* INFORMATION SHOWN *
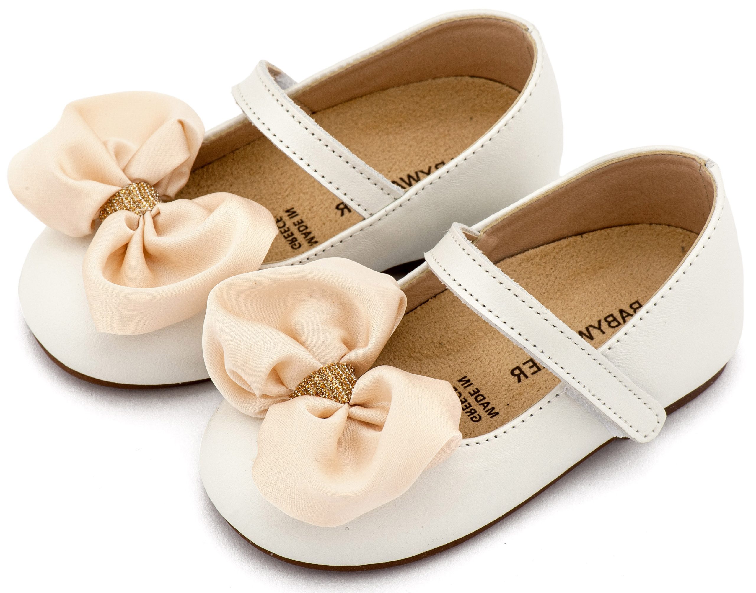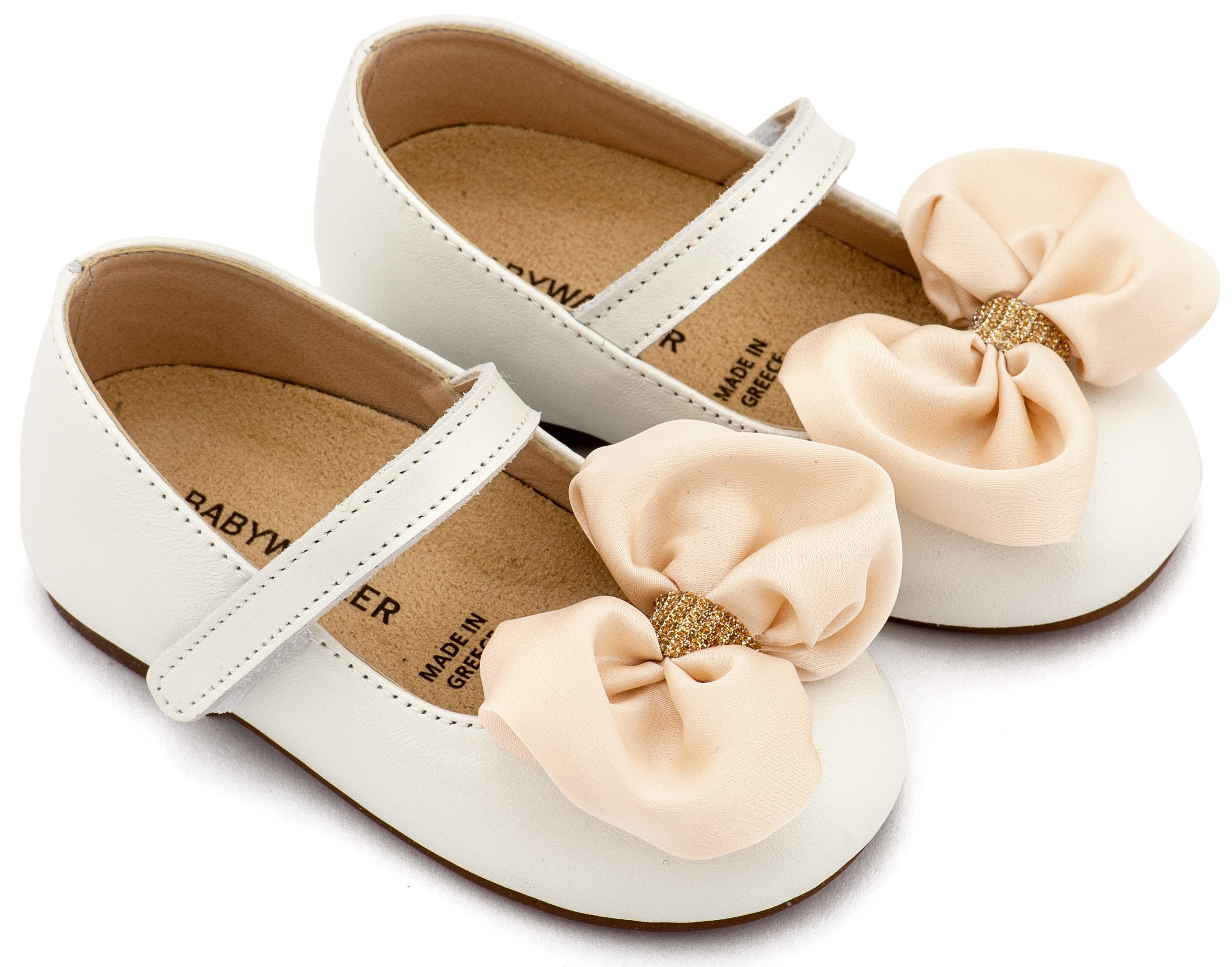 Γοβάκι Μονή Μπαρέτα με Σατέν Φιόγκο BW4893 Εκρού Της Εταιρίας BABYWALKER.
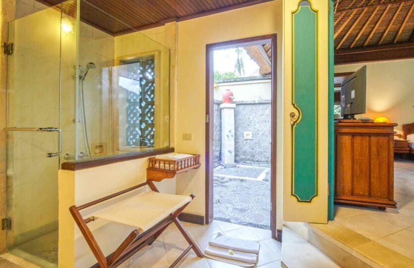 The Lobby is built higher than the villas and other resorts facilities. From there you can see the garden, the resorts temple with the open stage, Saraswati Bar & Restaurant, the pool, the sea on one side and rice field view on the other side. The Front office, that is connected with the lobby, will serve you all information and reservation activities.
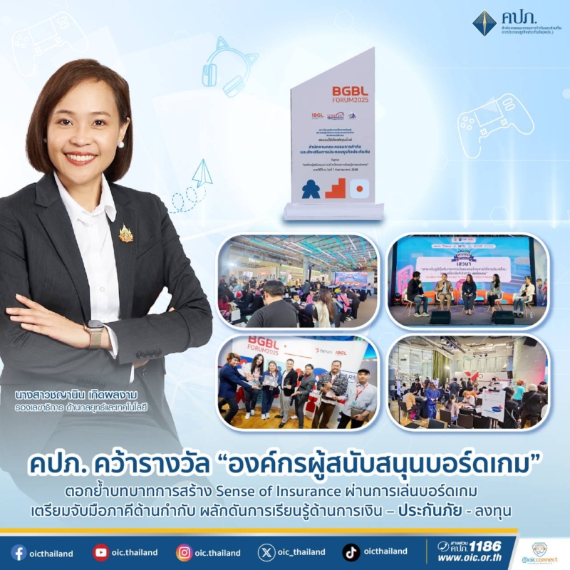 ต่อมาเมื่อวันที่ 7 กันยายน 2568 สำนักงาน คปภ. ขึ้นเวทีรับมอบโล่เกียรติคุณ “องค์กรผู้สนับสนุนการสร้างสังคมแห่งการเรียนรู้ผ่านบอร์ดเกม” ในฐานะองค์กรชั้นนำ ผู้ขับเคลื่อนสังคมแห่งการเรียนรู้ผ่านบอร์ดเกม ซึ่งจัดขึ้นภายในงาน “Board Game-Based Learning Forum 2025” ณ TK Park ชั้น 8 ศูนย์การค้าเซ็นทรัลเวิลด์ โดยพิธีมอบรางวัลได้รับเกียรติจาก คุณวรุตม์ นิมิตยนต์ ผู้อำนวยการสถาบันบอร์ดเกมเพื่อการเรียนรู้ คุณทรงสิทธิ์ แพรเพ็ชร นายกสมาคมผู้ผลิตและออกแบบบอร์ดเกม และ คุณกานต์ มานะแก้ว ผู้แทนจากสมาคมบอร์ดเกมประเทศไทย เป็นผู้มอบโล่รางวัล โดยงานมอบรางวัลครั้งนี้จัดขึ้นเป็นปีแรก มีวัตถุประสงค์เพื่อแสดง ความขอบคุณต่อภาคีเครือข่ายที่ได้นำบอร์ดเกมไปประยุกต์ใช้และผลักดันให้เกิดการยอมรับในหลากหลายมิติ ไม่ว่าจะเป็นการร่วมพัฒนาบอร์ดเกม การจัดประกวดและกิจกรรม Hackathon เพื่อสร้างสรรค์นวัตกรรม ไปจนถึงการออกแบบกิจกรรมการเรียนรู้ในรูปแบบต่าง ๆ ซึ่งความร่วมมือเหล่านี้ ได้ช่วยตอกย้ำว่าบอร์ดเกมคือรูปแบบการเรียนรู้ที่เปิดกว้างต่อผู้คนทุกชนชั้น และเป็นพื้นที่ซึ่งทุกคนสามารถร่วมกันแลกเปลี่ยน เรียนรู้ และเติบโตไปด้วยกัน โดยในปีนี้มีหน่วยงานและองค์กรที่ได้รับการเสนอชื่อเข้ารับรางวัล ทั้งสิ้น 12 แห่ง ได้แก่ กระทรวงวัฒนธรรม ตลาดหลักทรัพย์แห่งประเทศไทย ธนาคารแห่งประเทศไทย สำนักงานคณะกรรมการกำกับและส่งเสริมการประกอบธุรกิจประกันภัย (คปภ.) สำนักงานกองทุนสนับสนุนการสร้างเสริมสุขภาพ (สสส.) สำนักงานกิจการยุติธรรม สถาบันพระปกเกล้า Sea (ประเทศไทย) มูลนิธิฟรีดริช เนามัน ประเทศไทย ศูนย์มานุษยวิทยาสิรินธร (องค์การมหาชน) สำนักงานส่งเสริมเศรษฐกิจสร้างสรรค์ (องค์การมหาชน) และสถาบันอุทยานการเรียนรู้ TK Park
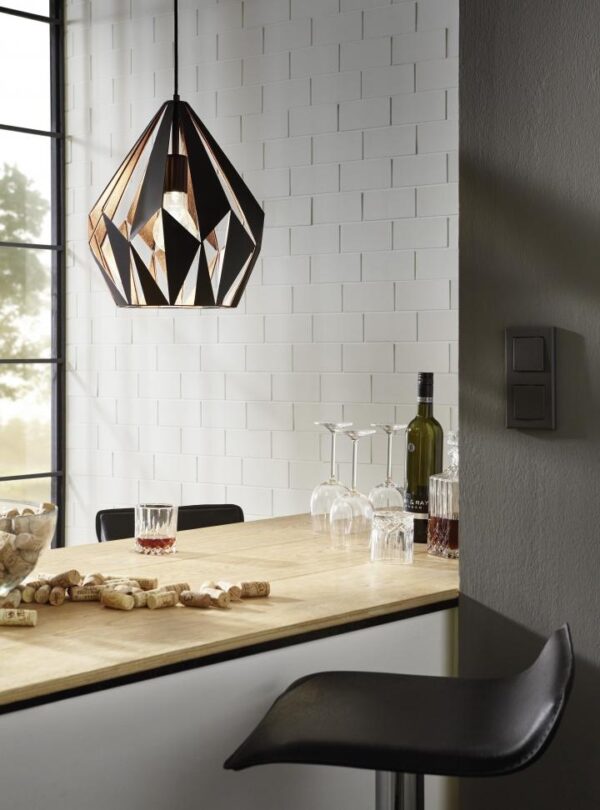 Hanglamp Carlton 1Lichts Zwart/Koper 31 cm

* WHAT TO PRODUCE *
Reproduce the listing exactly, but keep its images out of the copy.

* RESULT OF THE TASK *
 Γοβάκι Μονή Μπαρέτα με Σατέν Φιόγκο BW4893 Εκρού Της Εταιρίας BABYWALKER.
 The Lobby is built higher than the villas and other resorts facilities. From there you can see the garden, the resorts temple with the open stage, Saraswati Bar & Restaurant, the pool, the sea on one side and rice field view on the other side. The Front office, that is connected with the lobby, will serve you all information and reservation activities.
 ต่อมาเมื่อวันที่ 7 กันยายน 2568 สำนักงาน คปภ. ขึ้นเวทีรับมอบโล่เกียรติคุณ “องค์กรผู้สนับสนุนการสร้างสังคมแห่งการเรียนรู้ผ่านบอร์ดเกม” ในฐานะองค์กรชั้นนำ ผู้ขับเคลื่อนสังคมแห่งการเรียนรู้ผ่านบอร์ดเกม ซึ่งจัดขึ้นภายในงาน “Board Game-Based Learning Forum 2025” ณ TK Park ชั้น 8 ศูนย์การค้าเซ็นทรัลเวิลด์ โดยพิธีมอบรางวัลได้รับเกียรติจาก คุณวรุตม์ นิมิตยนต์ ผู้อำนวยการสถาบันบอร์ดเกมเพื่อการเรียนรู้ คุณทรงสิทธิ์ แพรเพ็ชร นายกสมาคมผู้ผลิตและออกแบบบอร์ดเกม และ คุณกานต์ มานะแก้ว ผู้แทนจากสมาคมบอร์ดเกมประเทศไทย เป็นผู้มอบโล่รางวัล โดยงานมอบรางวัลครั้งนี้จัดขึ้นเป็นปีแรก มีวัตถุประสงค์เพื่อแสดง ความขอบคุณต่อภาคีเครือข่ายที่ได้นำบอร์ดเกมไปประยุกต์ใช้และผลักดันให้เกิดการยอมรับในหลากหลายมิติ ไม่ว่าจะเป็นการร่วมพัฒนาบอร์ดเกม การจัดประกวดและกิจกรรม Hackathon เพื่อสร้างสรรค์นวัตกรรม ไปจนถึงการออกแบบกิจกรรมการเรียนรู้ในรูปแบบต่าง ๆ ซึ่งความร่วมมือเหล่านี้ ได้ช่วยตอกย้ำว่าบอร์ดเกมคือรูปแบบการเรียนรู้ที่เปิดกว้างต่อผู้คนทุกชนชั้น และเป็นพื้นที่ซึ่งทุกคนสามารถร่วมกันแลกเปลี่ยน เรียนรู้ และเติบโตไปด้วยกัน โดยในปีนี้มีหน่วยงานและองค์กรที่ได้รับการเสนอชื่อเข้ารับรางวัล ทั้งสิ้น 12 แห่ง ได้แก่ กระทรวงวัฒนธรรม ตลาดหลักทรัพย์แห่งประเทศไทย ธนาคารแห่งประเทศไทย สำนักงานคณะกรรมการกำกับและส่งเสริมการประกอบธุรกิจประกันภัย (คปภ.) สำนักงานกองทุนสนับสนุนการสร้างเสริมสุขภาพ (สสส.) สำนักงานกิจการยุติธรรม สถาบันพระปกเกล้า Sea (ประเทศไทย) มูลนิธิฟรีดริช เนามัน ประเทศไทย ศูนย์มานุษยวิทยาสิรินธร (องค์การมหาชน) สำนักงานส่งเสริมเศรษฐกิจสร้างสรรค์ (องค์การมหาชน) และสถาบันอุทยานการเรียนรู้ TK Park
 Hanglamp Carlton 1Lichts Zwart/Koper 31 cm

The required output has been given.